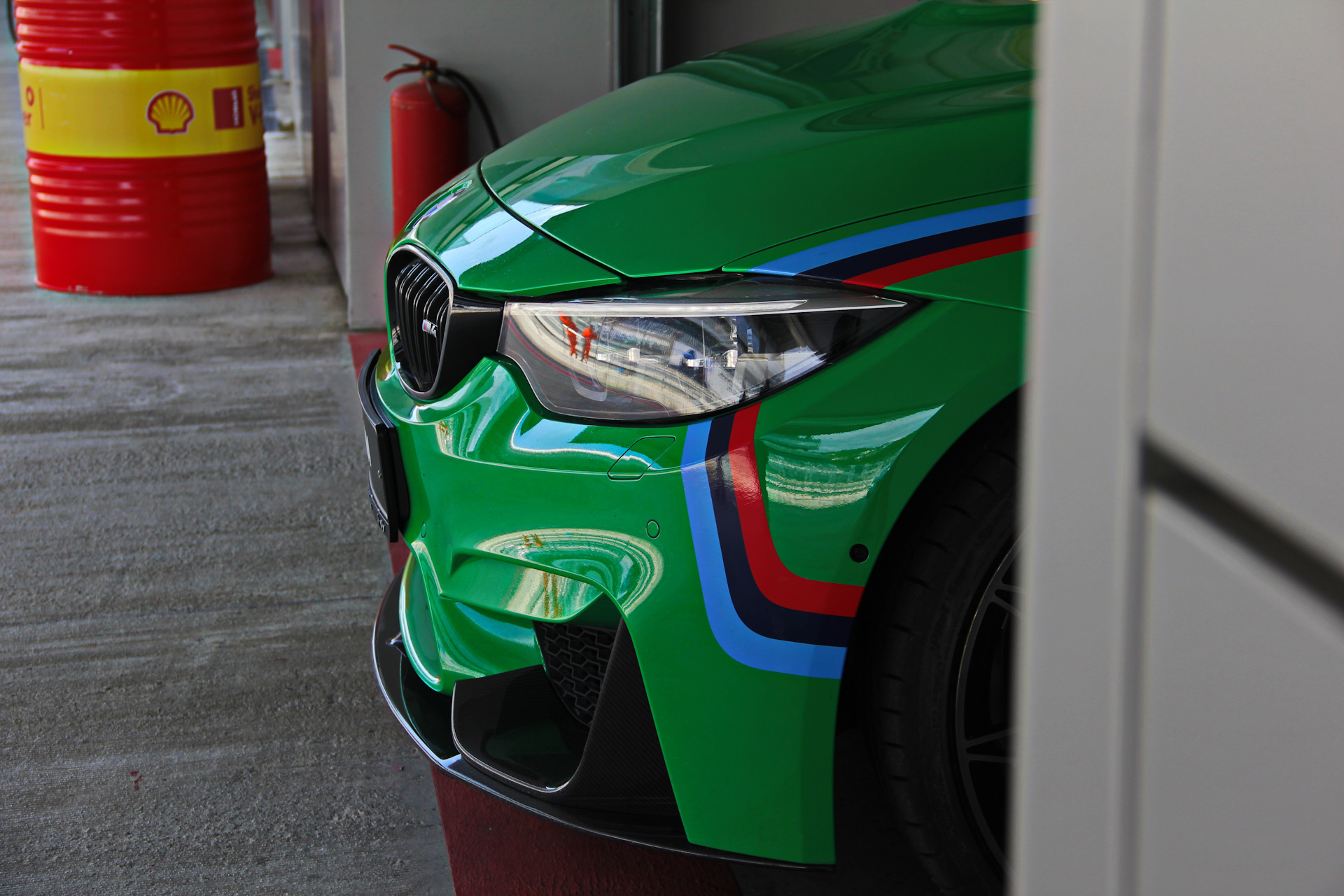 Проехав приблизительно 10-12 кругов в режиме 3-4 круга активно 1 круг для охлаждения тормозов, был объявлен заезд на пит-лейн. Нагрев тормозной системы я проверял дедовским способом- трогал колесные диски. Смелый парень!) Но на удивление не обжёгся. В виде опции, на эМку можно заказать карбоно-керамические тормоза, боюсь представить, как они останавливают эту массу, если даже стоковой системы мне хватало за глаза и ни каких признаков перегрева дисков с колодками не было замечено.
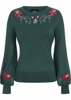 How elegant the are, her embroidered flowers on the front an the puffy long sleeves… This gem is made of a mix with knitted viscose, which gives her slight stretch and makes her feel incredibly soft. The lower seam and the ends of the sleeves are ribbed for a nice fit and to keep the warmth in. She is long enough to wear her with trousers, but also very flirty on top of a high waist model.
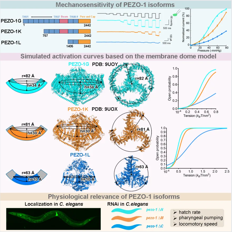 2025年11月25日,华中科技大学同济医学院基础医学院生物化学与分子生物学系郭雨松团队、林珑团队以及生理学系江漫团队在 Cell Reports 杂志上发表了题为“Membrane dome based regulation mechanism of the mechanosensitive PIEZO channel”的文章。本研究利用线虫模式体系,结合高分辨率结构解析、电生理和在体生理功能研究,提出了一个全新的PIEZO调控机制,即通过选择性剪接调节穹顶面积来调控机械敏感性。PIEZO通道是一类机械敏感性离子通道,能将机械信号转化为跨细胞膜的阳离子流。由PIEZO介导的机械转导在多种生理过程中发挥关键作用,包括触觉感知、机械性痛觉、心血管功能、免疫调节及神经发生。尽管近年来关于PIEZO通道如何通过调控下游通路参与生理过程的研究快速增长,对于PIEZO自身如何受调控以响应不同机械刺激,以及PIEZO如何在不同细胞间产生电生理特性的差异,相关机制研究还非常有限。
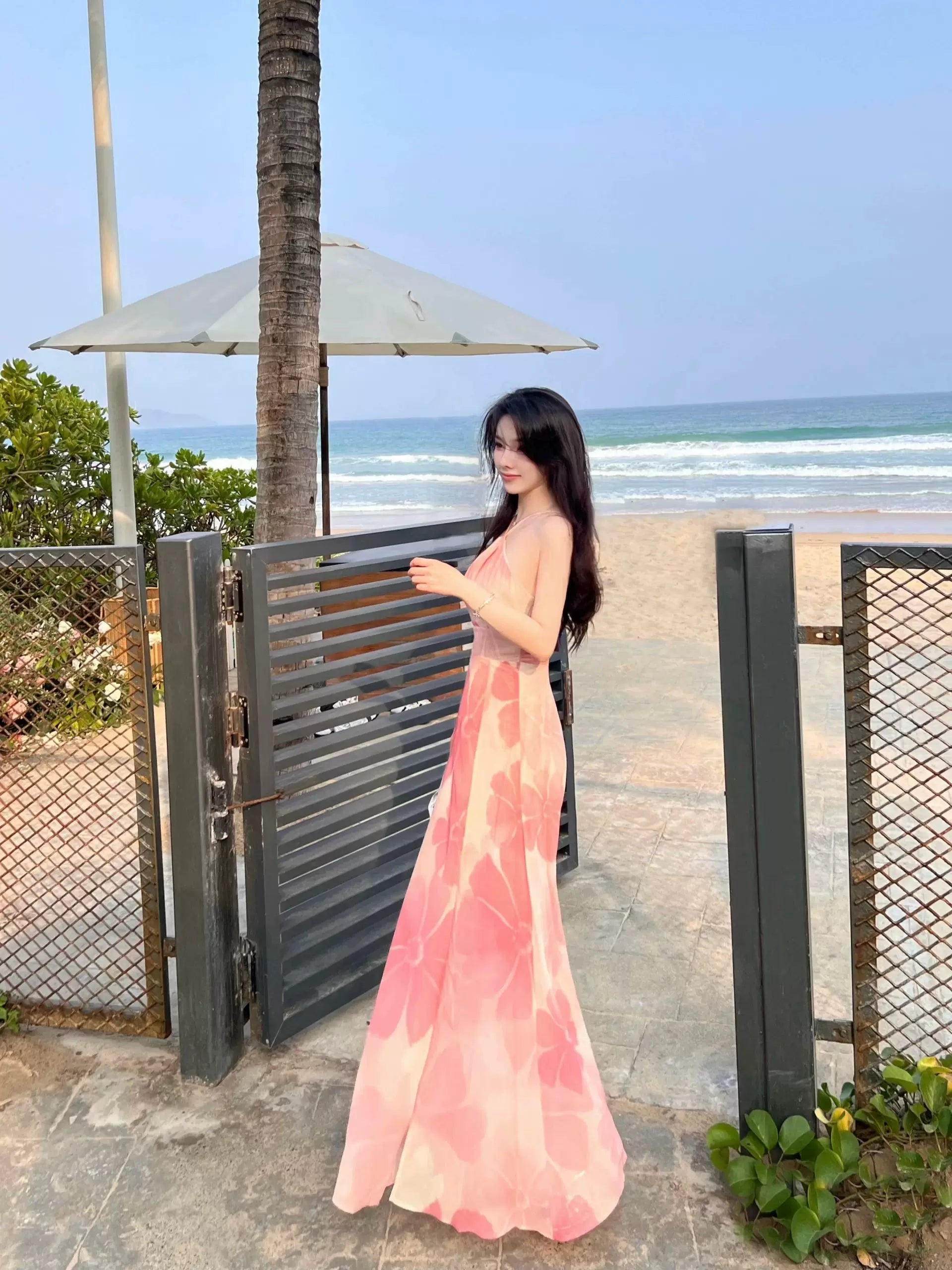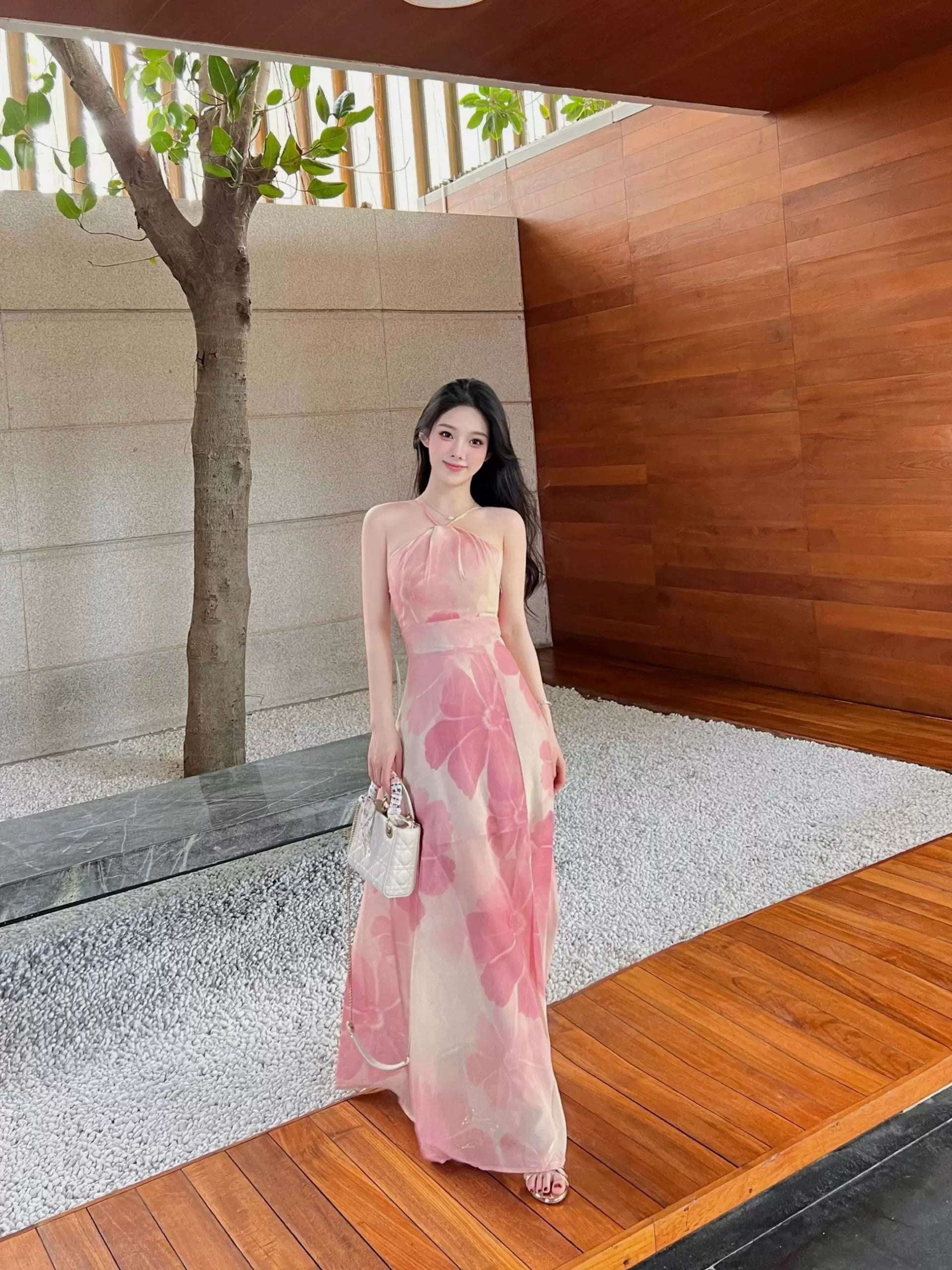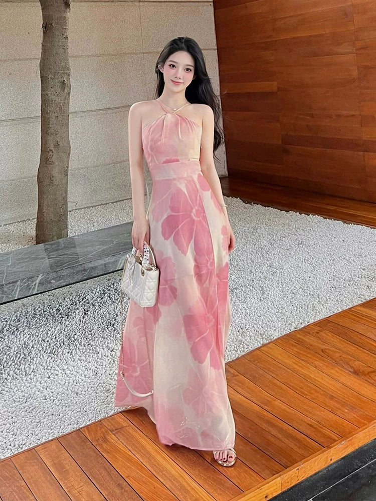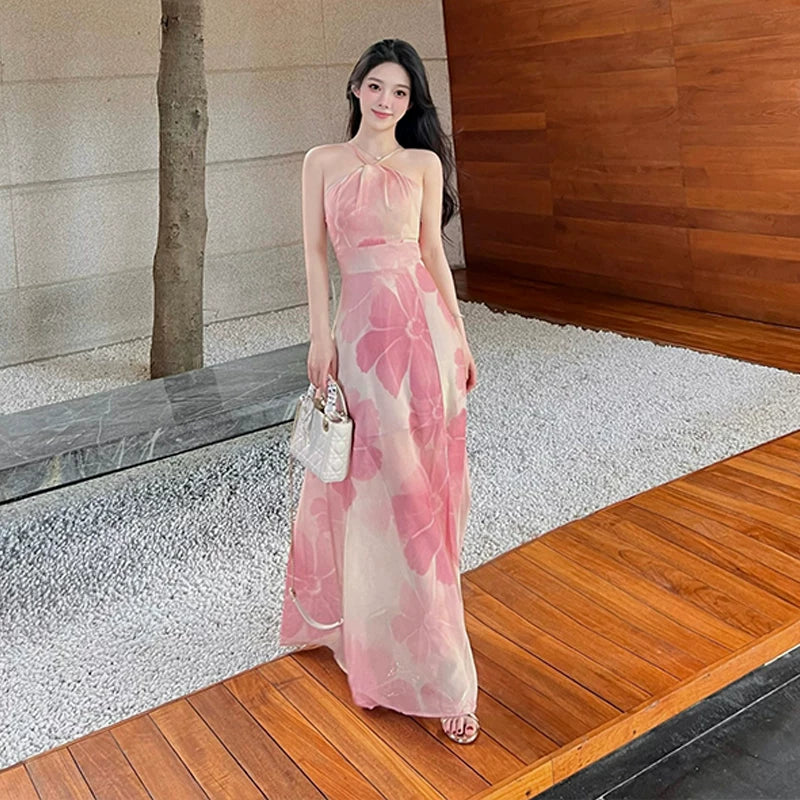 French-style floral halter neck dress, new summer travel style, long dress, off-shoulder, beach vacation dress, fairy-like.French-style floral halter neck dress, new summer travel style, long dress, off-shoulder, beach vacation dress, fairy-like.
----
**Work instructions:** Output the listing above exactly, excluding all pictures.

**Solution for this problem:**
 Проехав приблизительно 10-12 кругов в режиме 3-4 круга активно 1 круг для охлаждения тормозов, был объявлен заезд на пит-лейн. Нагрев тормозной системы я проверял дедовским способом- трогал колесные диски. Смелый парень!) Но на удивление не обжёгся. В виде опции, на эМку можно заказать карбоно-керамические тормоза, боюсь представить, как они останавливают эту массу, если даже стоковой системы мне хватало за глаза и ни каких признаков перегрева дисков с колодками не было замечено.
 How elegant the are, her embroidered flowers on the front an the puffy long sleeves… This gem is made of a mix with knitted viscose, which gives her slight stretch and makes her feel incredibly soft. The lower seam and the ends of the sleeves are ribbed for a nice fit and to keep the warmth in. She is long enough to wear her with trousers, but also very flirty on top of a high waist model.
 2025年11月25日,华中科技大学同济医学院基础医学院生物化学与分子生物学系郭雨松团队、林珑团队以及生理学系江漫团队在 Cell Reports 杂志上发表了题为“Membrane dome based regulation mechanism of the mechanosensitive PIEZO channel”的文章。本研究利用线虫模式体系,结合高分辨率结构解析、电生理和在体生理功能研究,提出了一个全新的PIEZO调控机制,即通过选择性剪接调节穹顶面积来调控机械敏感性。PIEZO通道是一类机械敏感性离子通道,能将机械信号转化为跨细胞膜的阳离子流。由PIEZO介导的机械转导在多种生理过程中发挥关键作用,包括触觉感知、机械性痛觉、心血管功能、免疫调节及神经发生。尽管近年来关于PIEZO通道如何通过调控下游通路参与生理过程的研究快速增长,对于PIEZO自身如何受调控以响应不同机械刺激,以及PIEZO如何在不同细胞间产生电生理特性的差异,相关机制研究还非常有限。
 French-style floral halter neck dress, new summer travel style, long dress, off-shoulder, beach vacation dress, fairy-like.French-style floral halter neck dress, new summer travel style, long dress, off-shoulder, beach vacation dress, fairy-like.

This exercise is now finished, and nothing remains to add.